Pick a colour.  What comes to mind? Is it your happy colour? Does it make you smile or depressed? What feelings does it evoke?  It is most possible that you associate a certain colour with incidents, feelings, ideas, and objects. If we think about mailbox red, we all know exactly what red I mean.  I painted my son’s playroom orange when he was younger as he claimed orange as his happy colour. So do all of us have some sort of connection to colour. 

In order to understand the power of colour, we need to understand the colour wheel, complimentary colours and what effect it has on our emotions.

The colour wheel

The colour wheel was first created in the late 17th century by Isaac Newton – yes THE Isaac Newton. He had only seven colours on his colour wheel, but today we normally use colour wheels with 12 colours.

 Isaac newton
Isaac Newton. His experimentation with white light led to the discovery of the visible spectrum.

There are 3 Primary colours:

Red, Yellow and Blue

These colours are pure, which means you can't create them from other colours, and all other colours are created from them. 


primary colour palette

The three primary colours, red, yellow and blue.

There are 3 Secondary colours: 

Orange, green and violet.  These colours are formed by mixing 2 primary colours

Then we have 6 Tertiary colours:

Red-Orange, Yellow-Orange, Yellow-Green, Blue-Green, Blue-Violet, Red-Violet, which are formed by mixing a primary with a secondary

With each blending (primary with primary, then primary with secondary), the resulting hues become less vibrant.

Neutral colours

In the context of interior design, neutral means without colour.

Neutral colours, therefore, do not compete with primary and secondary colours and instead compliment them.

Neutral colours include black, white, grey, brown and beige

Neutral colour palette
Neutral colour scheme

There are four common types of colour schemes derived from the colour wheel

1.Monochromatic Scheme

These tone-on-tone combinations use several shades (adding black) and tints (adding white) of a single hue for a subtle palette.

Think pale blue, sky blue, and navy. Although the monochromatic look is the easiest colour scheme to understand, it's perhaps most difficult to apply.  A room filled with just one colour can feel boring or overwhelming, depending on how you apply it.

Monochromatic colour scheme
Monochromatic colour scheme with shades and tints of green.

2. Analogous Scheme

For a bit more contrast, an analogous palette includes colours found side by side on the colour wheel, such as orange, yellow, and green, for a colourful but relaxing feel. Neighbouring hues work well in conjunction with each other because they share the same base colours.

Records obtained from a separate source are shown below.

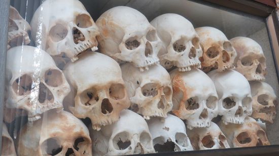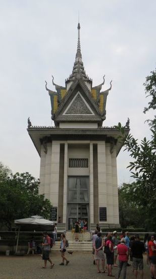 Der heutige Tag ist der dunklen Vergangenheit Kambodschas gewidmet. Unter dem Regime der Roten Khmer wurden zwischen 1975 und 1979 ca. 3 Mio. Kambodschaner (=mehr als ¼ der Bevölkerung) auf sogenannten Killing Fields systematisch ermordet, in Massengräbern verscharrt. Wir haben uns wieder einmal ein TukTuk gemietet ($20 / Tag) und lassen uns erst einmal nach Cheong Ek, dem Killing Field von Phnom Penh bringen (E=$6pP incl. Audio Guide), wo die Überreste von ca. 30.000 Männer, Frauen, Kindern, Säuglingen aus solchen Gruben geborgen wurden.
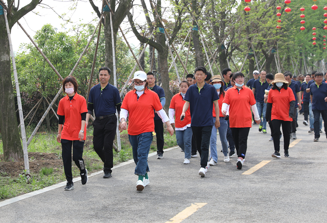 4月27日下午,青口公司工会组织在岗职工100余人来到青口潜园进行了一场五公里职工健步行比赛。
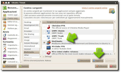 Ora basta avviare l’applicazione andare su Applicazioni -> Centro Sorgenti e cliccare su Sblocca e selezionare (come da foto) Medibuntu e cliccare su Aggiorna.
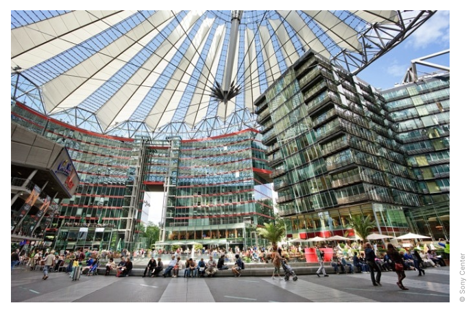 Auch im nächsten Teilprojekt werden die Grenzen zwischen dem städtischen Raum und dem Innenraum weiter aufgelöst: Beide Räume an der Bellevuestraße ermöglichen die Aussicht auf das Forum, dem Herzstück des Sony Centers.
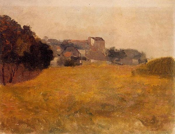 Jean-Jacques Henner created this Italian landscape painting, Village at Dusk, with oil on canvas. The image depicts a rustic village, a scene reminiscent of the Italian countryside, shrouded in the muted tones of twilight. Henner painted this in the latter half of the nineteenth century when many artists turned to landscape as a subject that was free from academic conventions. In France, the Barbizon school of painting was devoted to the careful observation of nature and the subtleties of light. Here, the warm light illuminating the buildings contrasts with the dark shadows of the trees. This division suggests the painting's preoccupation with the passage of time. The subject itself, the unspoiled rural idyll, was associated with a conservative longing for traditional social structures. To understand the painting more fully, we might look at other landscapes by the artist, and read contemporary accounts of the artist and his milieu. This would allow us to see how it spoke to the tastes and cultural assumptions of its time.
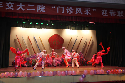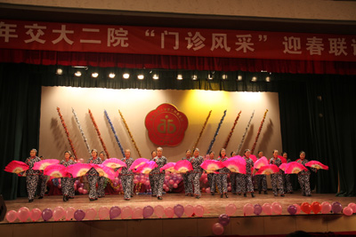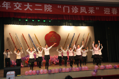 12月26日晚,南院大礼堂张灯结彩、人潮涌动,热闹非凡,2014年交大二院“门诊风采”迎春联谊会演出正在欢快登场。此次联谊会是由门诊部、院工会联合财务部门诊挂号收费处、医保合疗办公室、检验科、药剂科门诊药房、超声研究室、医学影像科、信息网络部及中城卫共10个门诊窗口相关科室举办,以展示门诊工作人员风采为主题,增强门诊工作人员凝聚力、激发爱岗敬业的正能量和工作积极性。

The secret to success with this colour scheme is to choose one shade as the main, or dominant colour in a room;(it is the colour you see the most of), then choose one, two, or three shades to be restricted-use accent hues.

3. Complementary Scheme

Using two hues directly opposite each other on the colour wheel, such as blue and orange, is guaranteed to add energy to any room. These complementary colours work well together because they balance each other visually.

The key is to not let one colour overtake the other. If the wall colour, e.g., blue appears more prominently, then use orange as an accent. The two colours appear on other elements throughout the space for a unified  look.

 4. Triadic Scheme

A triad creates an exciting palette by using three hues evenly spaced on the wheel, such as turquoise, fuchsia, and yellow-orange. These vibrant schemes work well in living rooms because they tend to offer a happy, energising vibe. Use your three colours in varying shades and tints to create more contrast or soften the brightness.

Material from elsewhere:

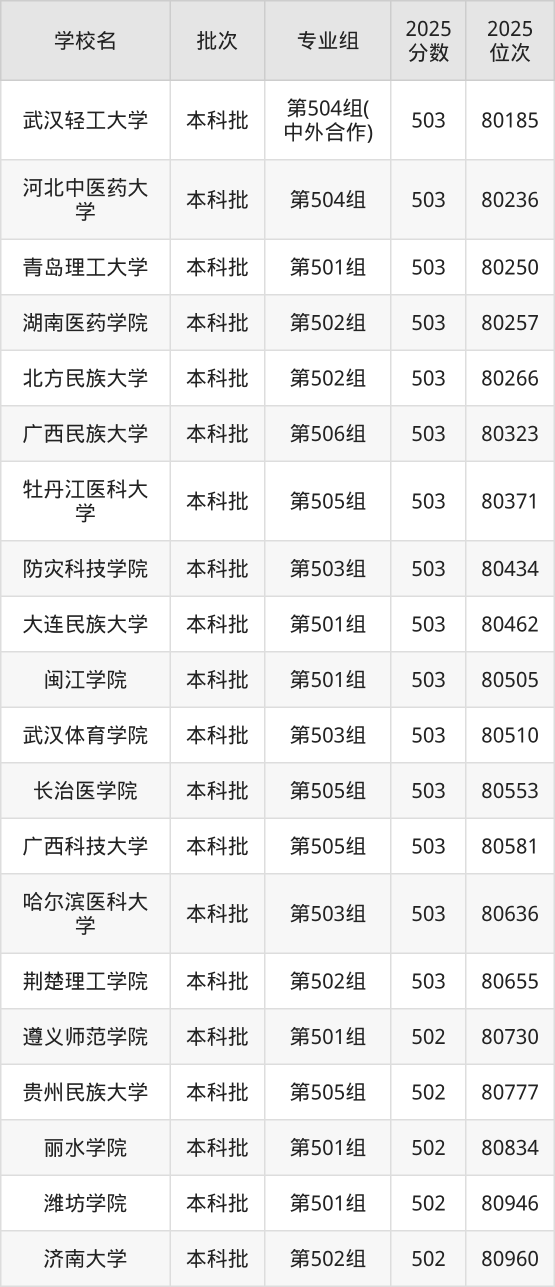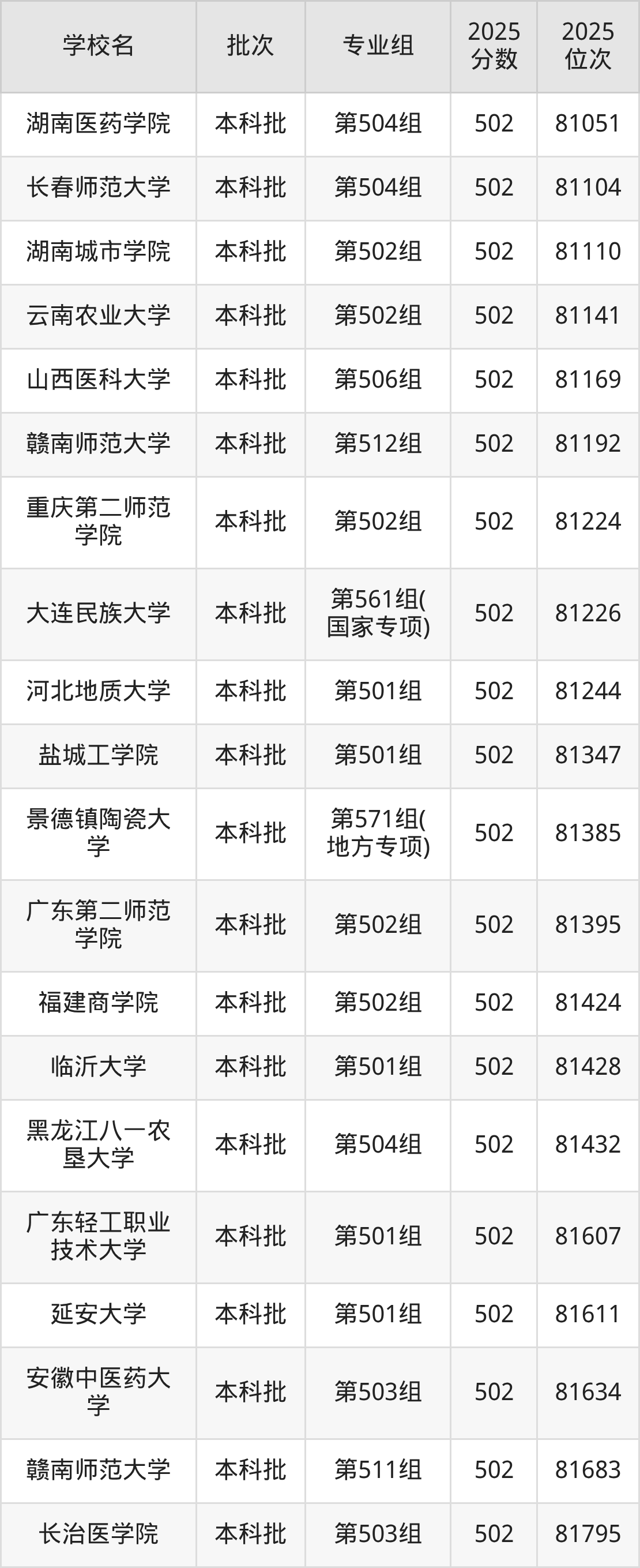 另外录取位次低于该区间(较稳妥)的有长春大学第509组(81921名)、长沙师范学院第501组(81963名)等;录取位次高于该区间(可冲)的有荆楚理工学院第502组(80655名)、哈尔滨医科大学第503组(80636名)等。

Colour influences your emotions

Cool colours such as greens, tends to soothe, while warmer colours such as yellows are uplifting and energetic. 

Bright reds are passionate and brave, but soft pink (a tint of red) is considered sweet and delicate. Blues are perceived as calming and quiet; oranges are warm and cozy; and purple, a truly tricky colour, can be seen as sexy or spiritual.


Blue colour palette

Calming and quite blues.

Trendy colours

Just like fashion, colour schemes can be trendy and “with it” colours pop up every season. The Pantone colours of 2021 e.g., is PANTONE 17-5104 Ultimate Grey + PANTONE 13-0647 Illuminating(yellow)

When you want to re-decorate or add something new to an existing room, ask yourself: Will it date the room, where you want to apply it, in a year? Do not spend a fortune on something temporary but invest money in buying something of quality that will last you for years. (goedkoop koop is duur koop)

In the end, though, YOU need to live in your house, and you need to be happy with your choices.